What has come out this year that you were a part of? It doesn't have to be every single thing but what were a couple highlights?

Well, ”TRUST ME” just came out and I have to say, it's been one of my favorite songs that we've had — I always just thought it was the best chorus that Ray ever wrote.
It's also, of that EP, I thought that was my best production work. I thought that was the one that was most simultaneously true to the demo, but also the studio shit was like, “Oh, thank God we did this studio session.” That one, I'm really genuinely proud of. I’m so fucking glad that it’s finally seeing the light of day.

With The Down & Outs (photo by Ben Scofield)

There’s also the Couch Prints album. That record went through so many variations — there were like 12 versions of that record where none of the songs sound even remotely similar to what they eventually sounded like. It wasn't until it was actually released, that I listened to it on headphones on the train and heard it start to finish effectively when everybody else did. I love the closer on that record, “Laughter.” That one I'm also very proud of.

Are there a few pieces of gear that you find indispensable?

I mean, there's some dumb, obvious ones that I just swear by. I think the Big Muff is the greatest guitar pedal ever invented. If there was ever a thing that was designed to do a task, that did the fucking task…it's a perfect pedal.

Then there’s the line six delay. I've never used it on my pedal board, but I've used it for production stuff and used it for outboard synthesizer effects. That thing is phenomenal, great for overdubbing.

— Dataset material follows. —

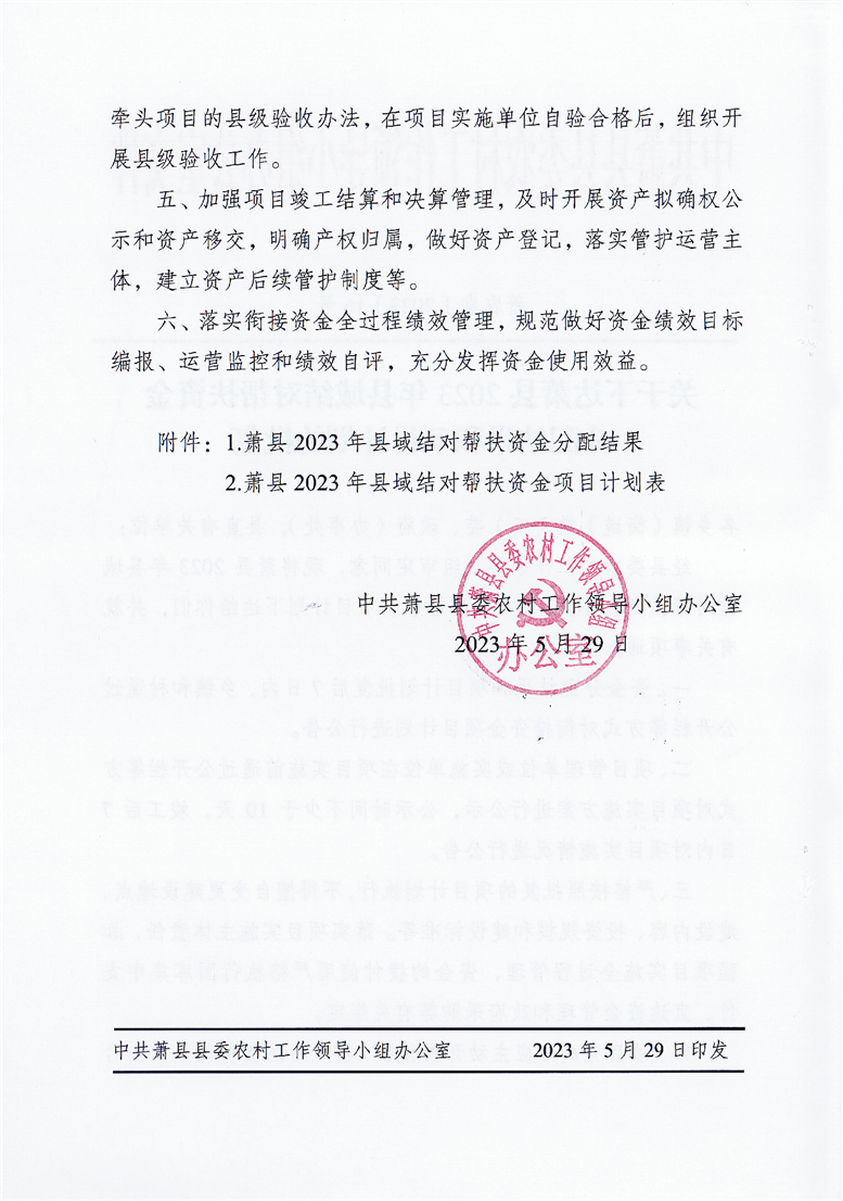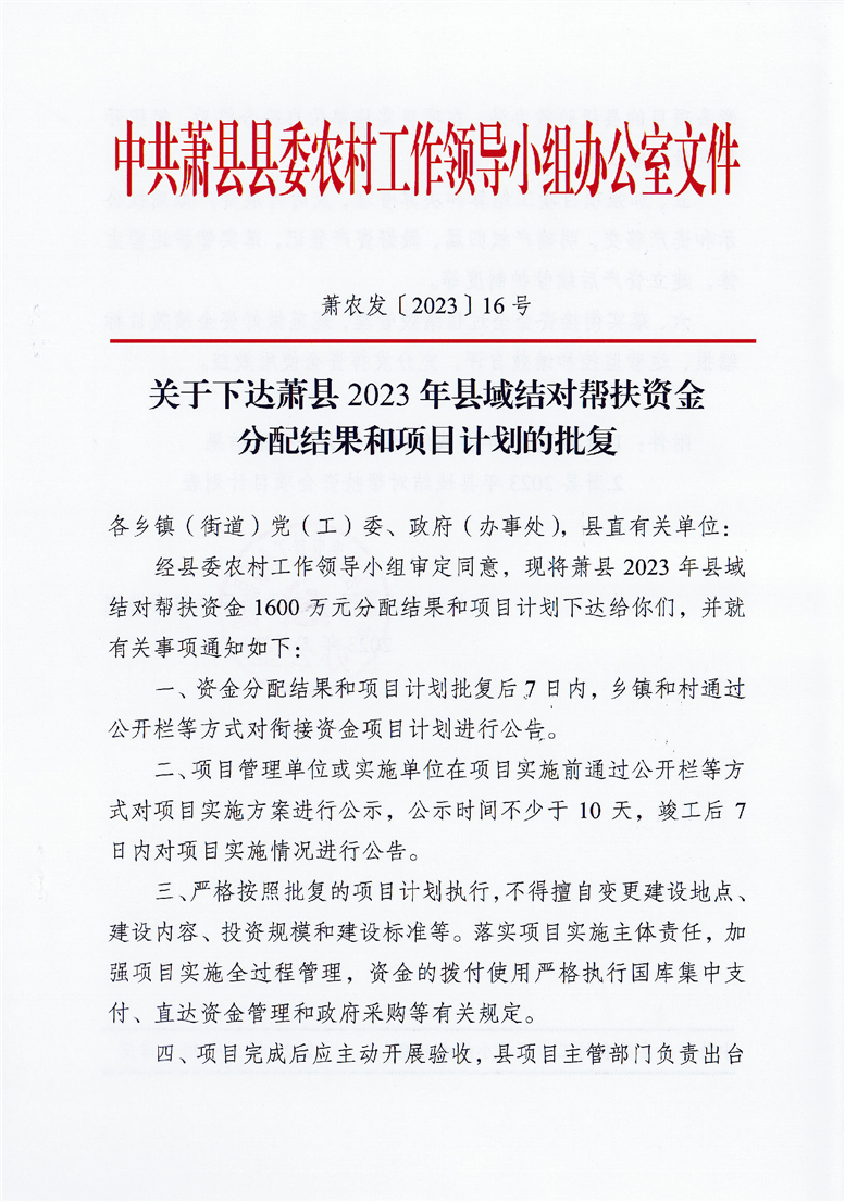 【計(jì)劃安排情況】關(guān)于下達(dá)蕭縣2023年縣域結(jié)對(duì)幫扶資金項(xiàng)目計(jì)劃的批復(fù)
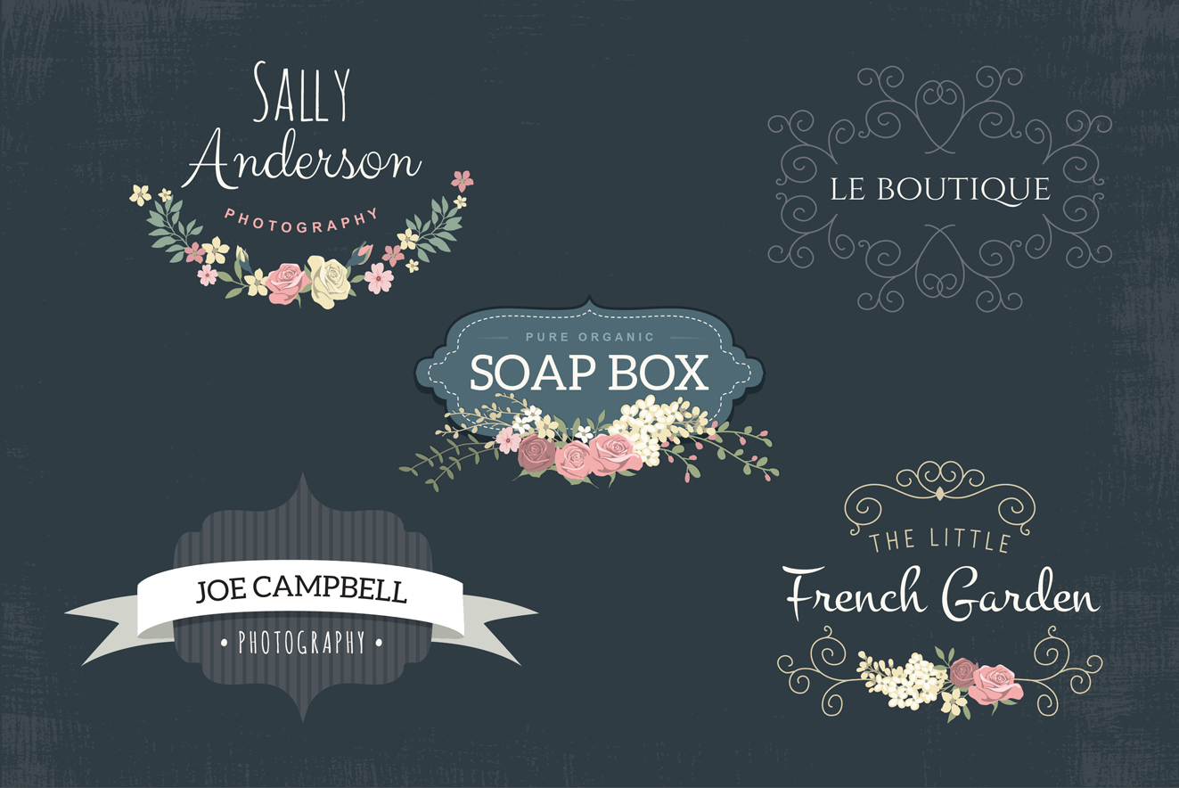 This French inspired vintage set is perfect for effortless brand building. All the files are well organized in layers, ready for you to edit and customize. And if you don’t have software to edit the vector files, I’ve also included a layered PSD file of each logo that you can easily personalize.

The Kaos Pad too is great for just getting off the grid, when you need to stop thinking rationally, you know? They call it chaos pad for a reason, I guess. It's very much like, throw it into a blender and just see what comes out.

Also this probably should be on record, because it’s actually quite important: the Electro-Voice RE20. Almost everything on the EP is recorded on that mic — all the violins, all the vocals, all the guitars. That microphone is the whole record. And I think the reason that the record sounds the way that it sounds is because that thing is just capturing the room. That thing has been essential.

Last question: how do you want your musicianship to evolve in the future?

I think nowadays I'm more concerned with the song. Everything now is in service to that. I used to be, as a producer, maybe more concerned with ear-candy and referential sound design-y sort of stuff. And as a guitar player, maybe I was in my head about trying to incorporate stuff that wasn't, you know, the obvious rock influence.

Part of the benefit of working with so many different people has been recognizing what everybody else in the room's strengths are and trying to make sure that those things get heard. The most fun part about doing the Same Vein stuff is not what I might even bring to it. I'm just facilitating other people's best ideas and getting the best take out of them.

I want to be on point and all that, but I'm not very concerned with becoming a better guitar player right now. I've got better guitar players in my apartment every day who can do shit that I wouldn't dream of doing. My job nowadays is to make sure that the fucking mic is rolling when they start doing that.